Journalist and author Kota Neelima is a Gandhian at heart, she says, which is why she's not going to balk at a threat issued by a protesting right-wing group, and instead unpack her things and head straight to the venue of the Jaipur Literature Festival (JLF), an annual cultural event in Rajasthan's capital city that draws writers, publishers and readers from across the globe.
In a letter to a local television channel the Shri Rajput Karni Sena, the chief agitators against Sanjay Leela Bhansali's period drama Padmaavat, has threatened to stop Neelima from participating at the literature festival till she apologized for a column she wrote for the DNA newspaper highlighting crimes against women in Rajasthan and the misplaced sense of priority of the men defending them through protests across states, based on their belief that the film insulted Rajput pride.
"Frankly, I am baffled. I honestly don't know why they have taken offense," Neelima told HuffPost India over the phone from Jaipur. "There is a long list of crimes committed every year against hundreds and thousands of women in India as recorded by the National Crime Records Bureau. I simply mentioned that those fighting for the honour of Rajput women, should better employ themselves by taking up the fight for women's rights instead," she said.
"You can't identify honour in a way that's convenient to you. It can't be subjective to the interpretations of a community."

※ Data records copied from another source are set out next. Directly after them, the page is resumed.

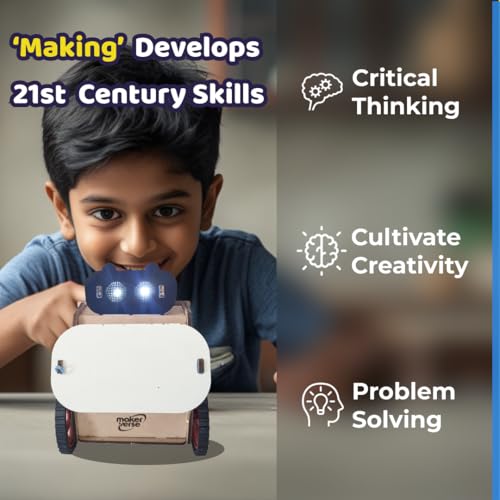 MakerVerse Emotibot | DIY Electronic Robot Kit | Robot with Remote Control | Science Project for Age 8, 9, 10, 11, 12, 13, 14 (Wood) for Boys & Girls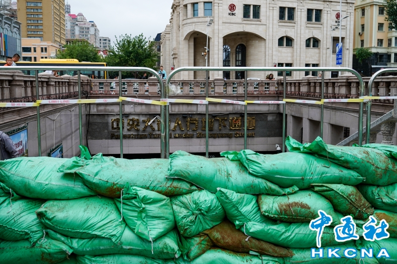 •   8月2日,黑龍江哈爾濱,一處地下通道入口處壘砌起沙袋。當日,哈爾濱市氣象台發布暴雨紅色預警信號。 香港中通社圖片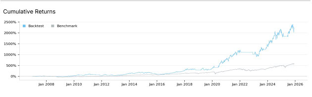 - Protects capital during crashes (beat SPY by 36% in 2008, 22% in COVID)

"You can't identify honour in a way that's convenient to you. It can't be subjective to the interpretations of a community. What I would consider honorable is a woman's right to walk freely on the road. When she can stay in a marriage and not face domestic violence. These revolutionaries should take up those causes."
In her 19 January column, Neelima writes:
Now, women can also be made to commit suicide; the Karni Sena has threatened that women will commit 'jauhar' or self-immolation if the movie, Padmaavat, is released. The protest is not against the death of Padmavati herself in the story, but against a creative interpretation of her exposure to the public gaze. Karni Sena has protested in the past against movies to safeguard the notion of women as symbols of 'honour' of a caste or a religious community. Questions arise; why doesn't Karni Sena protest against demeaning 'item numbers' done by women in movies? Why doesn't Karni Sena threaten violence to stop the use of sexual assault as a weapon in Indian cinema? Has Karni Sena protested against depiction of women as submissive and men in dominant roles?
"The discourse on 'jauhar' is a sad state of commentary, how can they fight for the honour of women by using a tool which is symbolic of subjugation," she said, referring to the centuries-old practice, especially among the aristocracy in warrior clans of India, of women's mass self-immolation after the death of their husbands. There's no absolute proof that the practice was purely voluntary and many historians believe that it was performed to "save" women from rape and plunder. Sati, a similar custom in which widows self-immolated in their husband's funeral pyre, was outlawed in 1829. The glorification of the practice as "an act of courage" could set a dangerous trend as is evident from the ominous vow by Rajput women to commit jauhar if Bhansali's film gets released.
"How can they fight for the honour of women by using a tool which is symbolic of subjugation."
Research by the National Commission for Protection of Child Rights (NCPCR) in 2017, based on the 2011 Census, found that Rajasthan had reported the highest numbers of child marriages. It ranked third in the country in the number of rapes recorded, and had the lowest literacy rate for women in the country.
A film's fictional depiction of Rajput women should have been the last cause for worry for any organisation from the state concerned about women affairs. The Sena objected to lead actress Deepika Padukone's titular character Padmavati's imagined dalliance with Muslim invader Alauddin Khilji, even before the release of the film, and despite repeated protestations from the filmmakers that there's no such plot point.
On Wednesday, protestors blocked Gurgaon's Wazirpur-Pataudi road and security was heightened in Chittorgarh, the backdrop of the epic poem by Malik Muhammad Jayasi based on the life of Rajput queen Padmini, or Padmavati.
News agency ANI quoted police commissioner of Ahmedabad, AK Singh, as saying that cops managed to stop protesters from entering multiplexes. Forty people were detained from various locations in Gujarat for rioting.
Here's the letter that the Sena sent to the FirstIndia News channel of Rajasthan:
The violence continued after Sena Chief Lokendra Singh Kalvi said his group "will not allow Padmaavat to be screened in India at any cost".
Neelima said she is was not worried in particular.
"I am at heart a Gandhian, if they (the Sena) stop me at JLF, I will try to reason with them. I truly believe I hope they see my point," Neelima, who has worked as a journalist for 22 years and is in JLF to talk about her new book 'Widows of Vidarbha, Making of Shadows', documenting the plight of women affected by suicides of farmers due to farm distress in Maharashtra's Vidarbha region.
Chairperson of the Central Board of Film Certification, Prasoon Joshi, is also expected to get security cover at Jaipur lit fest after threats from the Karni Sena, angry at the CBFC for clearing the movie for release.